• _How to complete this task_:
Please set down exactly the lines of the listing below from the line containing "Damit folgt die" through the line containing "displayed in black", both lines included, leaving out all other lines.

• _Material to process_:
Content starts

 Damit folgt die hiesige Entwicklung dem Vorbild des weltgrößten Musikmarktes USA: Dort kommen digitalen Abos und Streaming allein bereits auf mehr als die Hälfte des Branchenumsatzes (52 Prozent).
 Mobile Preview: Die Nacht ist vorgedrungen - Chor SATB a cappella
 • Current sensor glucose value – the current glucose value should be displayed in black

Content ends
Content starts

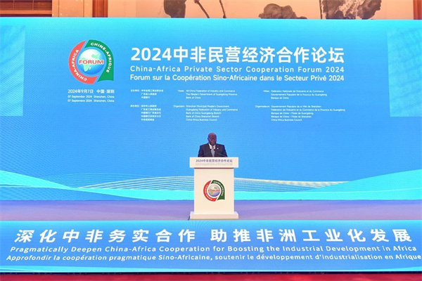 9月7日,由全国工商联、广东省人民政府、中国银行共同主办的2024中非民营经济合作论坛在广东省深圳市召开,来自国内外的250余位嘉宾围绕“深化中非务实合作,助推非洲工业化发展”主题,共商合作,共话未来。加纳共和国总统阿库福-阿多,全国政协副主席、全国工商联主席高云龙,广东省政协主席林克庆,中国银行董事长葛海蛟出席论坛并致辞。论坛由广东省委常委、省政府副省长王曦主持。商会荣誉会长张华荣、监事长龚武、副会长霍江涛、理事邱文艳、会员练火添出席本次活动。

Content ends

• _Result of the exercise_:
 Damit folgt die hiesige Entwicklung dem Vorbild des weltgrößten Musikmarktes USA: Dort kommen digitalen Abos und Streaming allein bereits auf mehr als die Hälfte des Branchenumsatzes (52 Prozent).
 Mobile Preview: Die Nacht ist vorgedrungen - Chor SATB a cappella
 • Current sensor glucose value – the current glucose value should be displayed in black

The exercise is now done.